Transcribe the data that follows in full. Leave out the pictures.

RECORDED DATA:

========

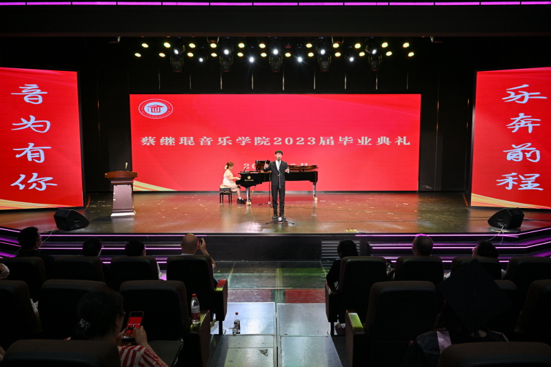 典礼上,福建省钢琴协会会长杨弋夫教授为同学们送上祝福并献上演绎弗朗茨·李斯特钢琴曲《爱之梦》,希望同学们带着这份爱奔跑在充满光荣和梦想的新征程上。学生代表江宝鹏、李泽茜共同演绎歌曲《致友人》,祝福学长学姐顺利毕业,希望学长学姐们常回家看看。
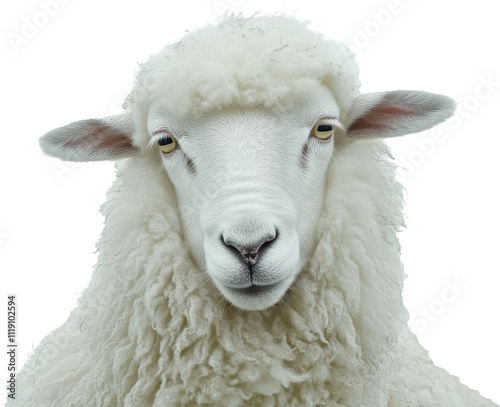 Close-up of a white sheep against a transparent background, isolated portrait. Farm animal and tranquility concept
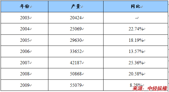 2003-2009年蛋粉产品产量及同比增长统计表 单位:吨

========

WRITTEN SOLUTION:
 典礼上,福建省钢琴协会会长杨弋夫教授为同学们送上祝福并献上演绎弗朗茨·李斯特钢琴曲《爱之梦》,希望同学们带着这份爱奔跑在充满光荣和梦想的新征程上。学生代表江宝鹏、李泽茜共同演绎歌曲《致友人》,祝福学长学姐顺利毕业,希望学长学姐们常回家看看。
 Close-up of a white sheep against a transparent background, isolated portrait. Farm animal and tranquility concept
 2003-2009年蛋粉产品产量及同比增长统计表 单位:吨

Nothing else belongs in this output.